A bipartisan panel of digital sound experts has concluded that the strange noise heard when Hillary Clinton speeches are played backward is not the Devil speaking.
However, the nine-member panel could not agree on what the noise might be. Their explanations range from the whining sound that rock star George Michaels makes when smoking a joint to the sound that the famed Taos hum in northern New Mexico makes whenever Secretary of Defense Donald Rumsfeld visits his vacation home in the area.
“We are in agreement that it’s not the Devil speaking, but we are still searching for a plausible explanation that a majority of the panel’s members could embrace,” said Alfonso Ettiturgeron, a professor of computer science at North Central Cincinnati University and a digital sound expert.
The controversy began last summer after Clinton, a Democratic senator from New York who is expected to run for president in 2008, released the CD “Hillary Clinton’s Speeches Played Backwards.” Every speech had a normal “forward” digital file in which the Senator was speaking in her familiar, if somewhat irritating, style. But there was also a “backward” digital file for each speech.
Many conservative commentators applauded Senator Clinton’s decision to release the backward files, saying that for the first time they could understand what she was actually saying once they heard the backward versions of her speeches.
Soon enough, however, a number of conservative evangelical Christians began reporting that their analysis of the backward speeches had detected the Devil speaking. These allegations lead to creation of the bipartisan panel of digital sound experts.

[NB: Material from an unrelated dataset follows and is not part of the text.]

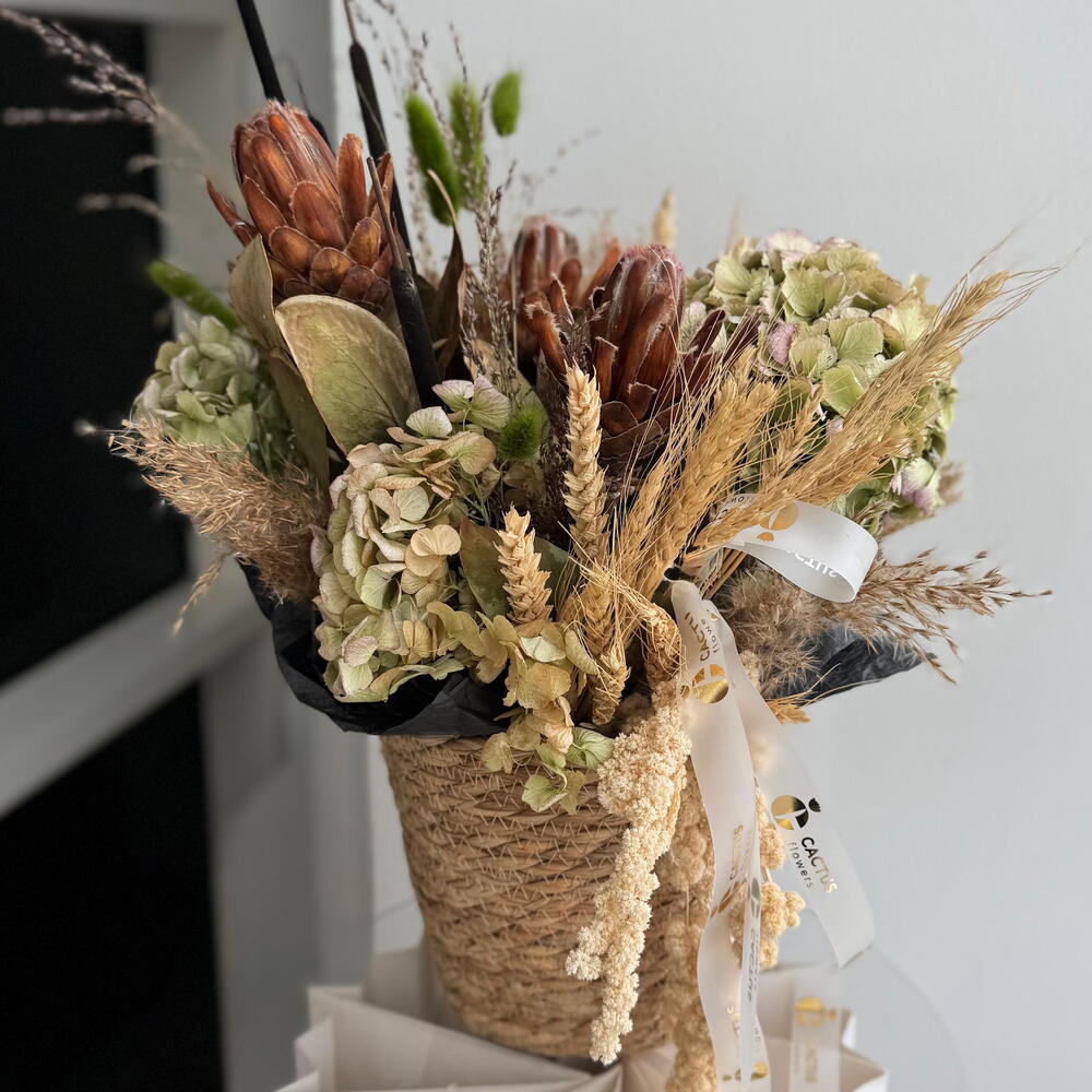 Амариллис - 1 шт. Пшеница - 20 шт. Лагурус - 10 шт. камыш декоративный - 3 шт. гортензия сухоцвет - 3 шт. протея сухоцвет - 3 шт. пампас сухоцвет - 5 шт.

Various evangelicals provided panel members with recordings of the Devil speaking. The digital signatures of the Devil speech were compared to the backward Clinton speeches. No match was found.
“I’m quite willing to concede that the experts didn’t make a match,” said Rev. Dolan Pettigrew of the Dothan, Alabama Thirty-Second Street Evangelical Baptist Revival. “But you must keep in mind that the Devil is a clever fellow and changes his speech patterns all the time. I’ve personally heard the Devil many times, and I say I can hear him in those Clinton speeches, in the cadence of the backward words, if nothing else.”
Rev. Dolan said he had spoken to several other evangelical ministers around the country about funding a program in which recording engineers equipped with digital equipment would attend revivals around the country and attempt to catch devil voices for comparison with the Clinton backward speeches.
“The Devil is frequently present at revivals” Dolan said. “With enough recording engineers out there, it’s just a matter of time until we get a match of a Devil voice with one of the senator’s backward speeches.”